The Washington Post

Tips on managing titanic tempers in young kids

For parents of young children with severe behavior problems, Parent-Child Interaction Therapy (PCIT) offers tools to help manage conduct. Here are a few examples of PCIT rules that can help any parent deal with temperamental kids, according to PCIT International:

●Use direct commands rather than indirect ones or questions: “Please hand me the block” rather than “Let’s give Mom the block” or “Will you hand me the block?”

●Issue positive rather than negative commands, so the child knows what to do and doesn’t feel criticized. “Come sit beside me” rather than “Don’t run around the room!”

●Give one command at a time, to make it easier for the child to remember and for the parent to check compliance: “Put your shoes in the closet” rather than “Put your shoes in the closet, get your pajamas on and brush your teeth.”

●Be concrete, so the child knows exactly what’s expected: “Talk in a quiet voice” rather than “Behave!”
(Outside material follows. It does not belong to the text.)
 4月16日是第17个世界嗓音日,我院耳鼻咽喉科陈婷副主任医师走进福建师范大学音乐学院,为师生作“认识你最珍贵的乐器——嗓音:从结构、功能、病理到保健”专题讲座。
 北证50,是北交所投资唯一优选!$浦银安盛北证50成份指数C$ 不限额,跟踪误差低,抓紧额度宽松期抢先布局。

●Be firm but calm and polite in response to bad behavior, lest a child learn to obey only when yelled at: “Please put the train in the box” rather than “Put the train in the box this instant!”
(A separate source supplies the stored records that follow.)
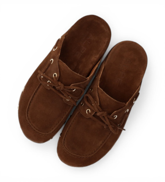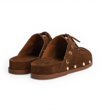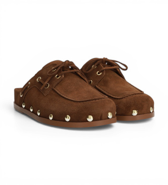 Mule tipo zueco en ante marrón tabaco con tachuelas doradas y cordones, una pieza que fusiona la comodidad del calzado abierto por detrás con un diseño cargado de personalidad y referencias bohemias. ...
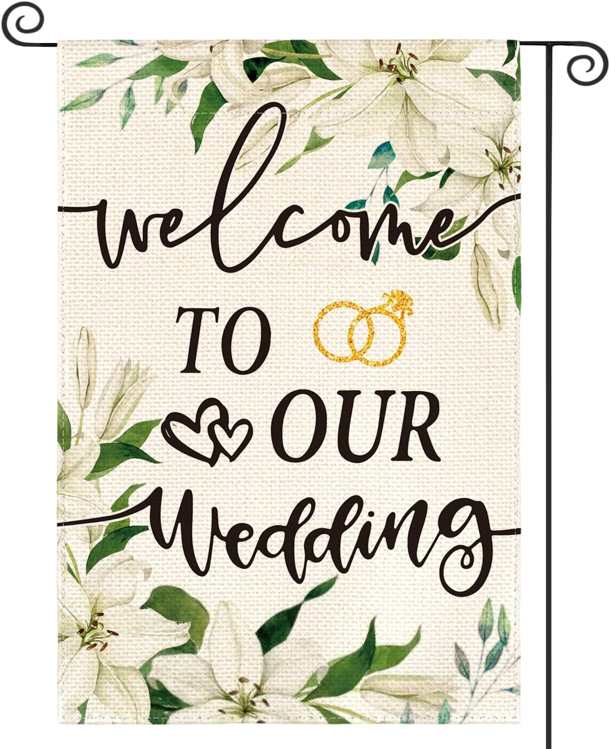 AVOIN colorlife Floral Wedding Ceremony Garden Flag 12x18 Inch Double Sided Outside, Marriage Welcome Romantic Yard Outdoor Decoration
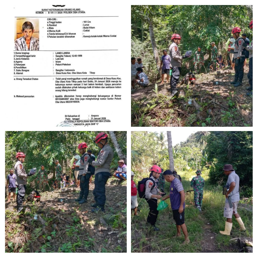 Kapolsek Oba Utara melalui keterangan tertulis menyebutkan, Landi Landia terakhir kali terlihat pada Sabtu, 24 Januari 2026, saat meninggalkan rumahnya di Desa Kusu dengan tujuan menuju kebun.
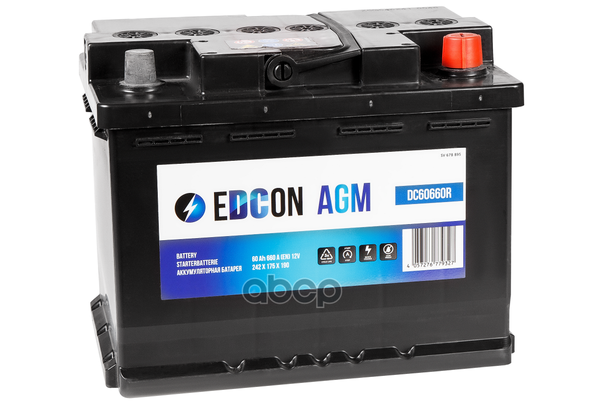 аккумуляторная батарея 19.5 17.9 евро 60Ah 660A 242 175 190 B13 AGM DC60660R EDCON

●Explain commands before they are given and/or after they are obeyed, to avoid the “why?” stalling tactic. Parent: “It’s time to clean up and go home. Put that chalk back in its box.” Child complies. Parent: “Thanks for listening! It’s good to clean up when we’re finished with the toys.” Rather than: Parent: “Put that chalk in its box.” Child: “Why?” Parent: “Because we’re going home.” Child: “Why?”

●Avoid sarcasm and criticism (“That wasn’t very smart” and “No, sweetie, that’s not where it goes”), which cause angry feelings between parent and child and reward negative behavior with attention.

●Generously praise good behavior, and be specific: “I like how gently you’re putting your crayons away” rather than just “Good job.”